La mesure bien que très dépendante du protocole est réalisable en routine. La VFC peut varier du simple au double en 24h et dépend donc fortement de l’activité physique du jour qui précède sa mesure. Lors d’une grosse charge d’entraînement la variabilité de fréquence cardiaque diminue. De même un phénomène de surcompensation existe avec une augmentation des HF et de la variabilité globale (délai de 24-48 h). Les études montrent aussi que plus le VO2max est élevé plus le temps de récupération est rapide.
Ainsi une étude de la VFC dans le temps permet de mettre en exergue la diversité des cinétiques de récupération entre les sportifs.
Aussi, il est notable qu’un effet de dominance parasympathique sur la performance permet la prédiction de performance.
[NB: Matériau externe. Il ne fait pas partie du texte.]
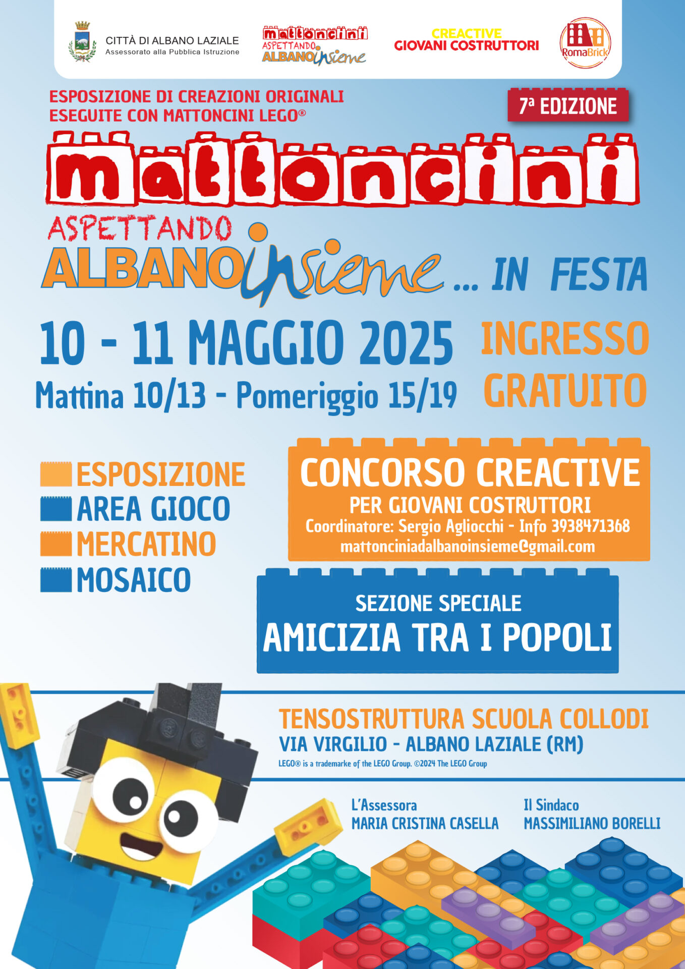- Aspettando l’XI Edizione di “Albano InSieme…in festa!” – prevista per domenica 8 giugno 2025 – torna ad Albano Laziale il “Festival dei Mattoncini!” – promosso dall’assessorato alla Pubblica Istruzione e giunto alla sua VII Edizione

En cas de surcharge, les valeurs de VFC s’éloignent des moyennes avec une baisse importante des valeurs parasympathiques.
Mais attention : si des augmentations des indices avec une charge d’entraînement réduite (4 – 8 h /sem) sont observables, il apparait qu’avec des charges plus considérables (> 18 h /sem) une baisse des indices intervient. Toutefois, cette baisse n’induit pas de saturation, il faut donc faire preuve de circonspection dans l’interprétation des résultats.
Enfin, les mesures et analyses lors d’un test triangulaire permet la détection des seuils ventilatoires. En effet, l’évolution les HF dans le temps se rapportent au niveau fréquentiel avec les deux seuils ventilatoires.
En définitive la VFC permet une prédiction efficiente de la performance aérobie.


Exemples pratiques

Des études scientifiques montrent une baisse de VFC après trois semaines de charge intense, avec une diminution de l’activité parasympathique. Durant la semaine de récupération on observe une augmentation rapide de VFC avec augmentation de l’activité parasympathique et diminution de l’activité sympathique. Mais les mesures doivent absolument être standardisées.
Ainsi en cyclisme, où la quantification de la charge de travail (TSS) est facilement réalisable avec un capteur de puissance, la mise en relation avec la VFC peut être pertinente.
J’ai ainsi commencé mes mesures méthodiques depuis dix jours. Malgré une baisse de mon activité cycliste j’ai tenté de mettre en relation les analyses de VFC et les charges de travail exprimées en TSS d’après le logiciel WKO+.

Figure 5 - Charges de travail et indices de VFC

Premières constatations 

Il faut mettre en relation les charges de travail (TSS) avec les résultats de VFC des jours qui suivent. Déjà après un premier regard, il est aisé de remarquer que les indices traduisent de manière faible les charges supportées. D’autre part, le phénomène de surcompensation, décrit si fréquemment dans les ouvrages de physiologie, est formellement discernable (charges importante les 18/10 et 20/10) avec une surcompensation les jours suivants (48h). Ainsi, selon la charge infligée, il est possible de temporaliser l’inertie de la récupération. Les TSS ne reflètent pas les zones d’intensité sollicitées, mais il semblerait que plus l’entraînement vise des zones élevées (PMA ou davantage) plus la surcompensation est importante (à confirmer par la multiplication des mesures dans les mois à venir). Ainsi, connaître réellement les temps de récupération et suivre longitudinalement sa VFC permet au cycliste d’optimiser l’agencement des charges de travail pour arriver le jour J en forme suprême. C’est donc un moyen supplémentaire de suivre son entraînement aérobie et anticiper les états de fatigue sans le biais de la subjectivité des sensations. Je vais m’attacher à poursuivre mes enregistrement durant toute l’année afin d’établir les relations qui peuvent surgir entre tous les cycles de travail et l’évolution des capacités physiques.